Pick and preserve
Reaping the Last Harvest
by Rebecca Underwood
It seems like just when production hits full swing, fall chills begin to set in and the garden season comes to a close. Don't despair, though! The following ideas can help you make the most of your final harvest. Even if you don't have a garden of your own, local farmers and gardeners may be all too happy to let you scavenge these goodies after a long summer of picking and preserving.
At the first freeze, extra honeydew melons and cantaloupes can be peeled, seeded, cubed, and frozen in bags. Thaw in the fridge and serve as needed. Or, if you find the softer texture unappealing, make sorbet and/or healthful popsicles. Simply puree the frozen fruit with a little simple syrup (equal parts of sugar and water dissolved) and a squeeze of lemon or lime to taste; freeze in a pan for sorbet or pour into popsicle molds. To serve sorbet, blend frozen mixture again just before serving. Alternatively, make cheap and nutritious "breakfast juice" by blending frozen melon cubes with water and a small amount of sugar or honey.
Green tomatoes can be picked and salvaged just before the first frost. In the south, they're battered and fried for a tasty side dish. Simply slice 1/4 to 1/2 inch thick, batter and fry until golden on both sides. Try dipping in a mixture of 1 egg plus 1/3 c. milk, then dredging in a mixture of equal parts flour and cornmeal, or use your favorite batter recipe. If frying doesn't appeal to you, chopped green tomatoes make an interestingly tart addition to homemade salsas or relishes. And if you're really adventurous, you can even try green tomato pie, another old-fashioned southern favorite. Fill an unbaked pie crust with green tomato slices; sprinkle with a tablespoon of cornstarch, about a cup of sugar, cinnamon to taste, and a few small dots of butter (opt.). Top with second crust, crimp edges, vent, and bake at 350 degrees for 45 to 55 minutes.

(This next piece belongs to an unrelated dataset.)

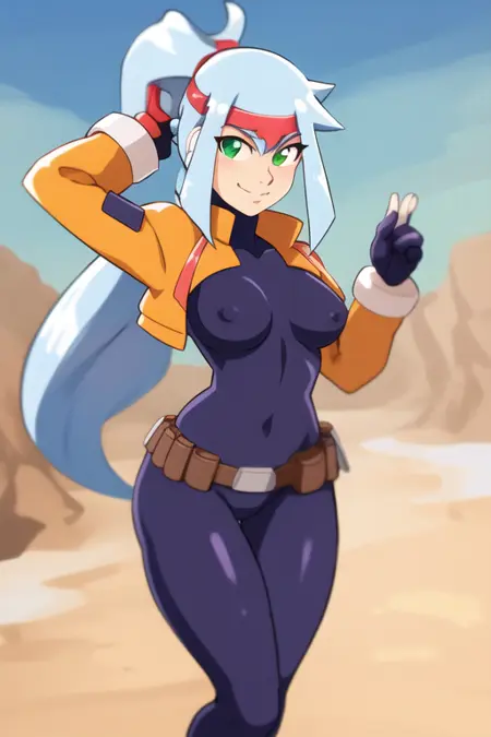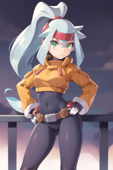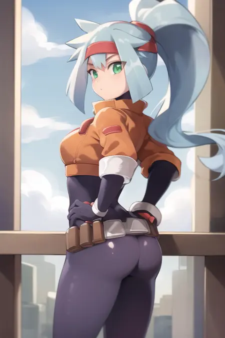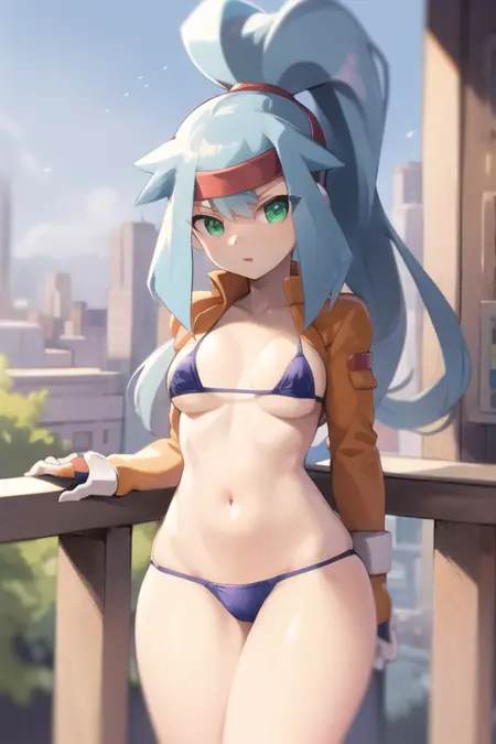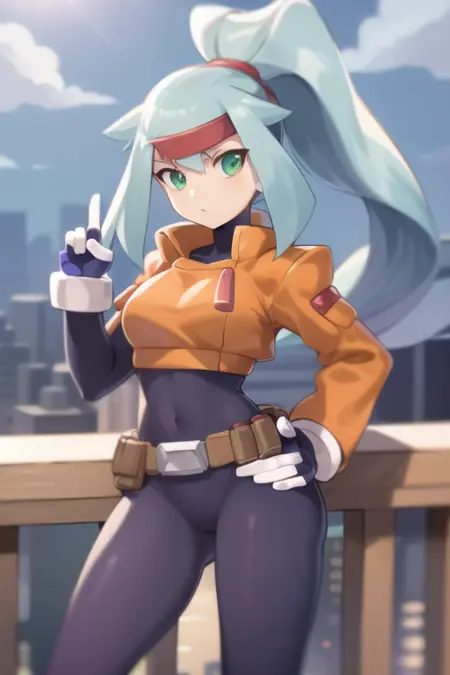 long hair, green eyes, gloves, jacket, bodysuit, ponytail, blue hair

When the first freeze is predicted, don't let those baby veggies go to waste. Go ahead and pick the tiny summer squash and zucchini. Gather all the other odds and ends vegetables that will otherwise be lost. Wash, trim, and toss them together in freezer bags. Stir-fry straight from the freezer with your favorite seasonings and toss with pasta for a quick winter meal that reminds you of summer. Just be sure to blanch any hard veggies (green beans, sliced carrots, etc.) in boiling water for a minute or two and drain before freezing.

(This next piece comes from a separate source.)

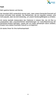der Haushalt 2025 verdeutlicht einmal mehr, dass unsere Gemeinde finanziell auf einem schmalen Grat wandelt. Die Maßnahmen, die wir ergreifen müssen, sind nicht populär, aber sie sind notwendig, um unsere Handlungsfähigkeit zu erhalten.

As temperatures really begin to dip, harvest as much of your herb garden as possible without harming the plants. Dry herbs by hanging upside down in a cool place with low humidity, or freeze if you prefer. Frozen herbs can only be used in cooked dishes, but dried ones are very versatile. Consider crumbling dried herbs in interesting combinations to give as potpourri, seasonings, or bath teas for Christmas.

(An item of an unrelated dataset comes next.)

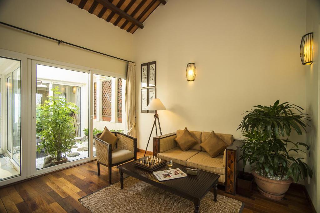 Die geräumigen und eleganten Unterkünfte im vietnamesischen, französischen und japanischen Stil bieten jeweils ein Sofa, einen Kleiderschrank und ein Bügeleisen/-brett. Auch ein eigener Balkon und Kabel-TV sind vorhanden. Jedes Zimmer verfügt über ein eigenes Bad mit Badewanne/Dusche, Haartrockner und Hausschuhen. Auf Anfrage können Sie auch den Zimmerservice in Anspruch nehmen.

And, last but not least, salvage some of those garden leaves and blossoms. Select the best just before frost and press dry. They'll come in handy for fall craft projects and decorations. You don't need to buy an expensive press to do this. Just cut 12-inch squares of corrugated cardboard from discarded boxes. Sandwich as follows: cardboard, topped with 3-4 layers of newspaper, then a single layer of leaves/blossoms, more newspaper, and a final square of cardboard. Continue sandwiching several batches and bind tightly with two cast-off adjustable belts that crisscross like ribbon on a gift (or tie tightly with strong cord). Every few days, check leaves and tighten belts slightly until drying is complete. Store flat and admire your handiwork throughout the holiday season.